Am Montagmorgen zeigt sich der nimmermüde Fetti von den Erlanger Alkoholeskapaden gut erholt und unternehmungslustig wie eh und je. Nach einem entspannten Couchsonntag ohne Fußball sollte es heute tunlichst ein neues Abenteuer geben, möchte man meinen, wenn man sich das arme Schwein so aus der Nähe betrachtet. Wie es schon wieder aufgeregt mit dem Ringelschwänzchen wackelt, wie es rastlos durch den Flur hastet, wie es auf der Suche nach neuen Trüffeln die Schnauze in den Groundhopping-Informer bohrt. Da kann die Devise für den Menschen zwangsläufig nur lauten: Keine Erschöpfung vortäuschen, die dumme Sau will schon wieder beschäftigt werden.
Da sich meine Reiselaune jedoch noch in überschaubaren Grenzen hält, kann ich mit Fetti wenigstens einen Kompromiss aushandeln. Heute kümmern wir uns endlich einmal um die Komplettierung der Berlin-Liga, in der es sozusagen in der Nachbarschaft noch den einen oder anderen Sportplatz abzuklappern gilt, anstatt quer durch die Republik zu düsen. Nur 18 Minuten Fahrzeit müssen heute bis zum S-Bahnhof Mahlsdorf in Kauf genommen werden, um am Ostermontag ein Kreuz machen zu können. Klingt entspannt – und Fetti kommt mal wieder an die frische Luft.
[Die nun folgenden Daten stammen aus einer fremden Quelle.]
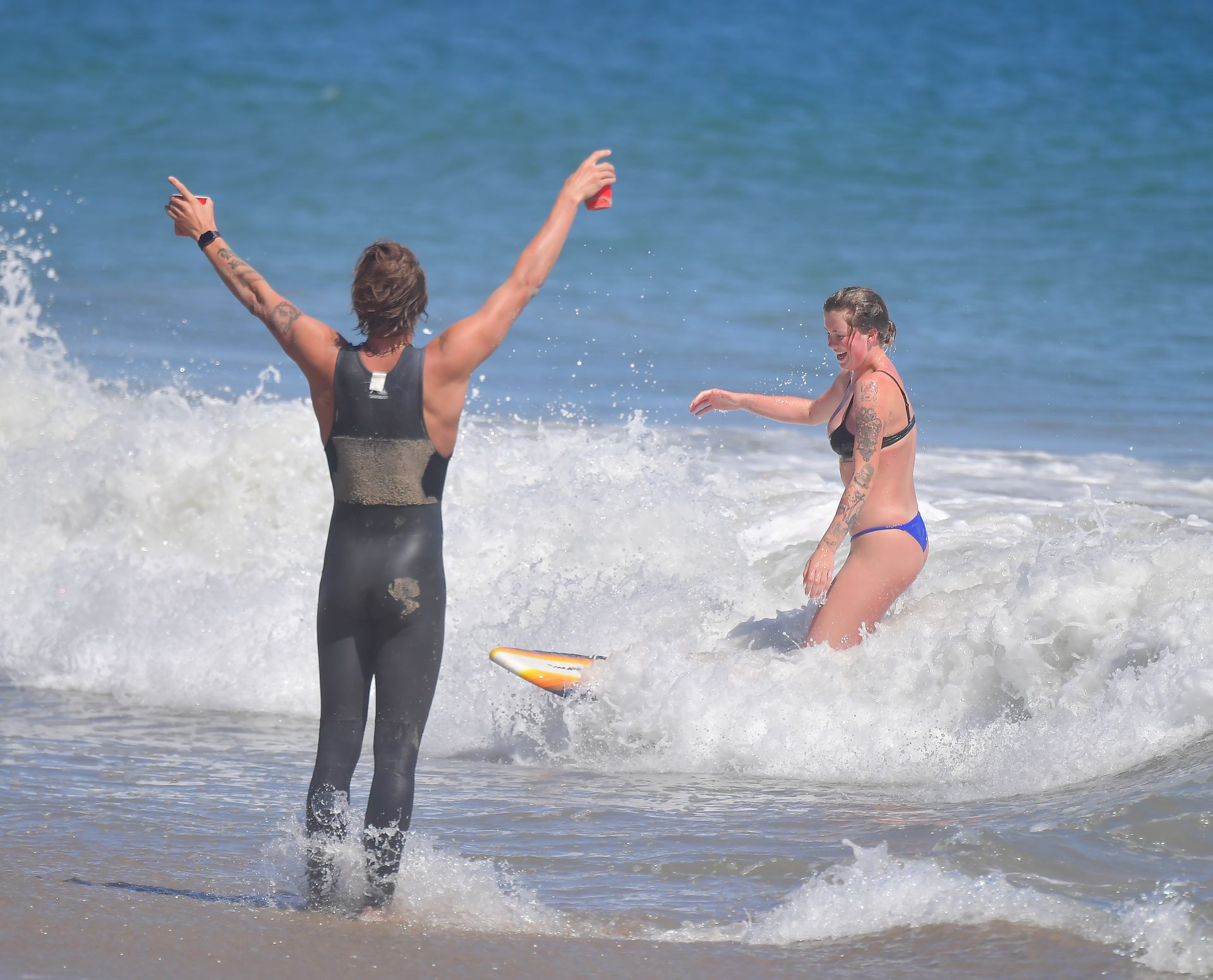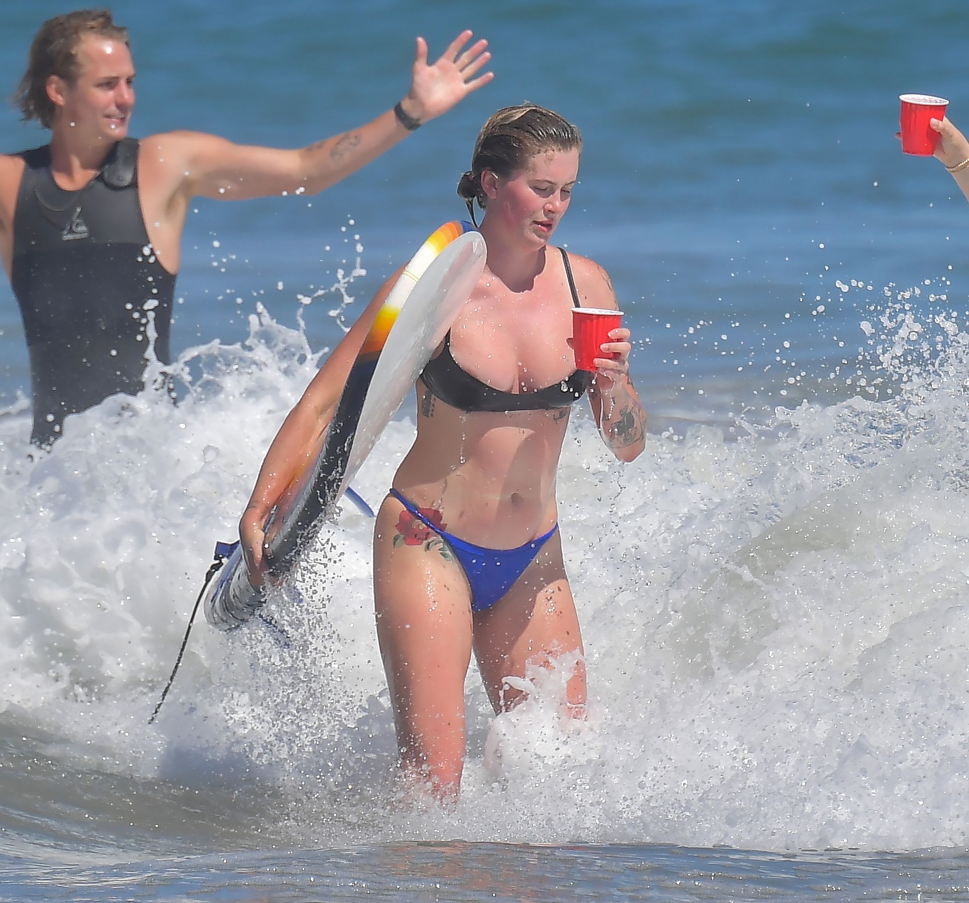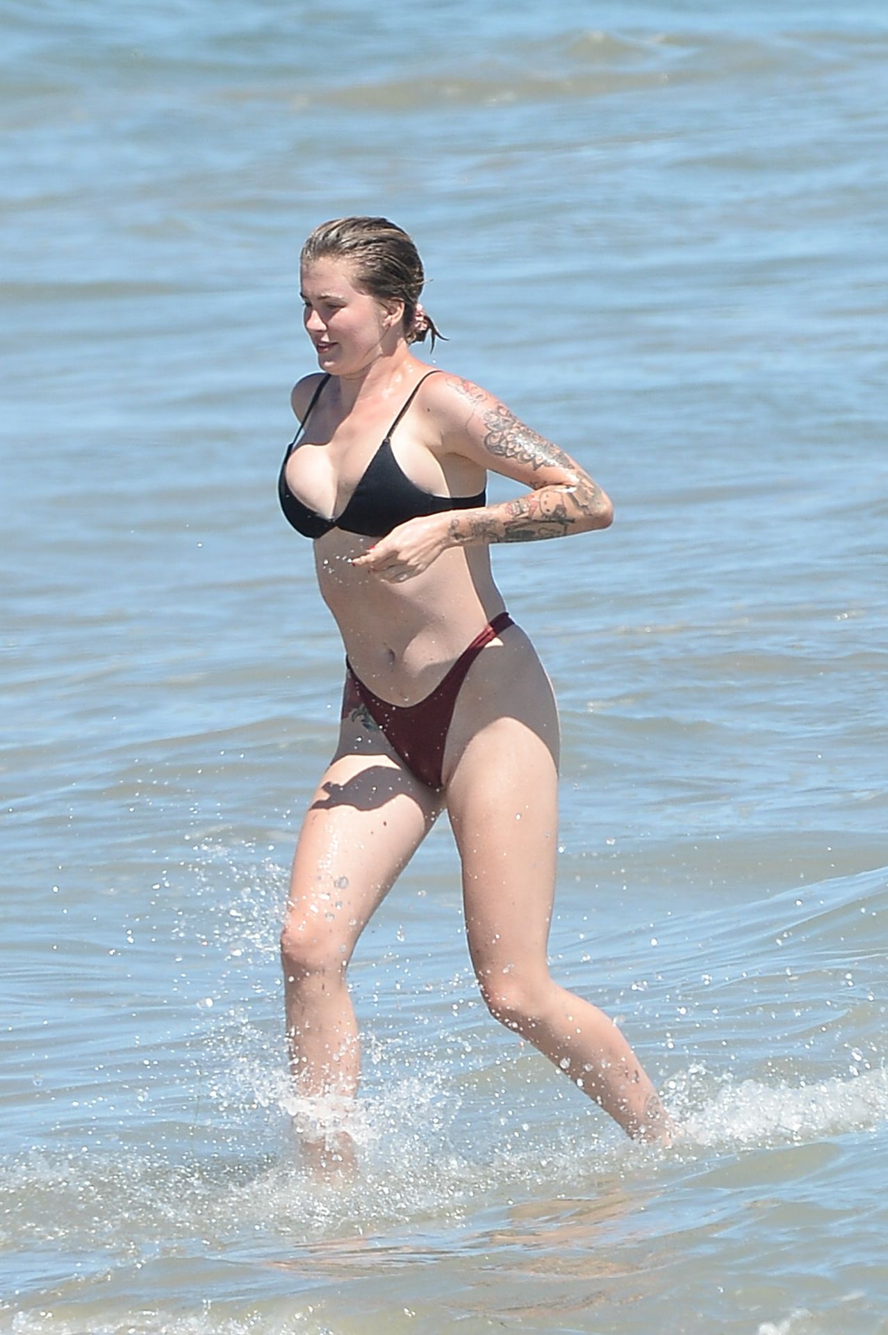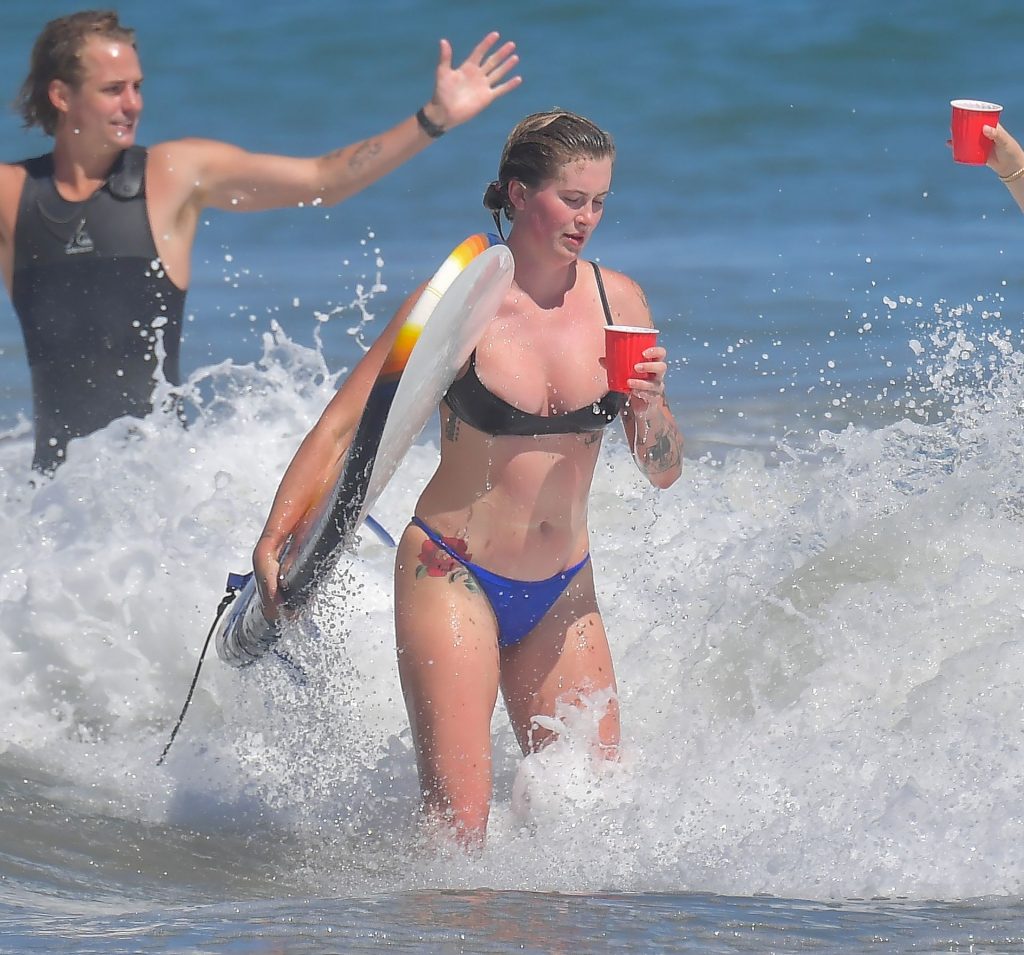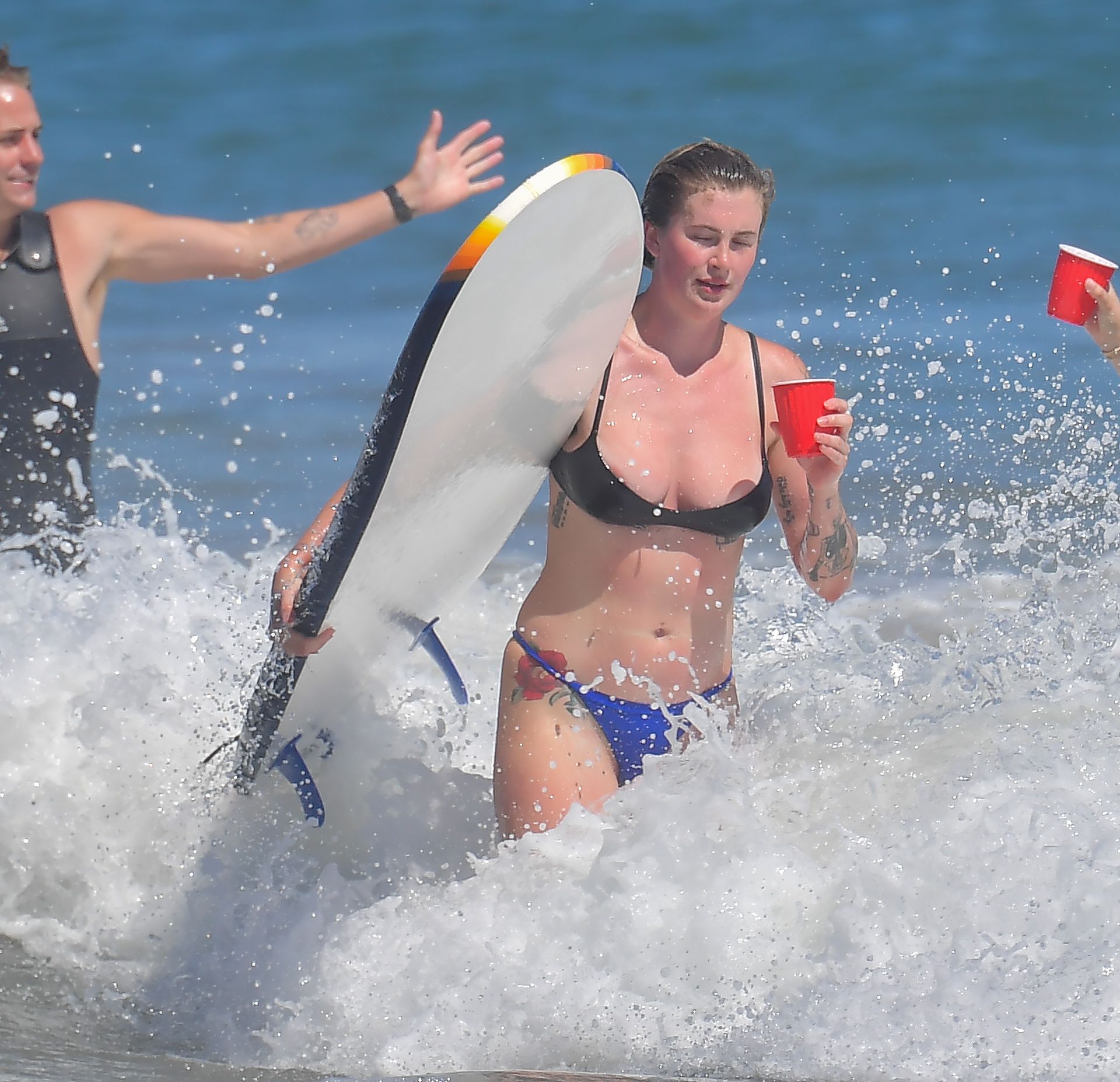 Ireland Baldwin con curvas se dirige a la playa en Malibu con amigos (89 fotos)

Die Fahrt verläuft zunächst einmal ereignislos, jedenfalls in den ersten 23 Sekunden. Dann bleibt die Bahn auf offener Strecke zwischen Warschauer Straße und Ostkreuz stehen und eine Durchsage von „technischen Problemen“ verheißt nichts Gutes. Schlimmer noch, dass sich nur ganz kurz darauf herausgestellt hat, dass das Familiensystem auf dem Vierersitz neben mir, bestehend aus einem Satellitenelternpaar und einem Terror-Sören, hier ganz offensichtlich den größten Schaden vorzuweisen hat. Ich habe meine helle Freude damit, zu beobachten, wie der kleine Teufel durch das Abteil tobt und seinen Eltern auf der Nase herumtanzt. Ein Trauerspiel, wie die Eltern all dies über sich ergehen lassen und wie jedes Verbot als liebevoll formulierte Bitte an Klein Sören herangetragen wird. Sören denkt jedoch gar nicht daran, eine dieser Bitten auch nur in Ansätzen Folge zu leisten und anstatt nun eine Konsequenz folgen zu lassen, orientiert man sich eben an Sörens Bedürfnissen. „Oder möchtest Du doch lieber noch einmal durch den Wagen rennen?“. Ihr Kind darf sich eben frei entfalten, da muss man dann auch damit leben, dass der fünfjährige Junge zu seinem Vater „Chill mal, Alter!“ und zu seiner Mutter „Ist jetzt mal Ruhe im Karton?“ sagt. Wird sicher später mal ein wertvoller Teil der Gesellschaft, dieser Wildfang. Mit fantastisch ausgeprägten Sozialkompetenzen. Und immer in der Lage, sich in gewissen Situationen unterzuordnen und Kompromisse zu schließen, wenn es notwendig ist. Da bin ich optimistisch.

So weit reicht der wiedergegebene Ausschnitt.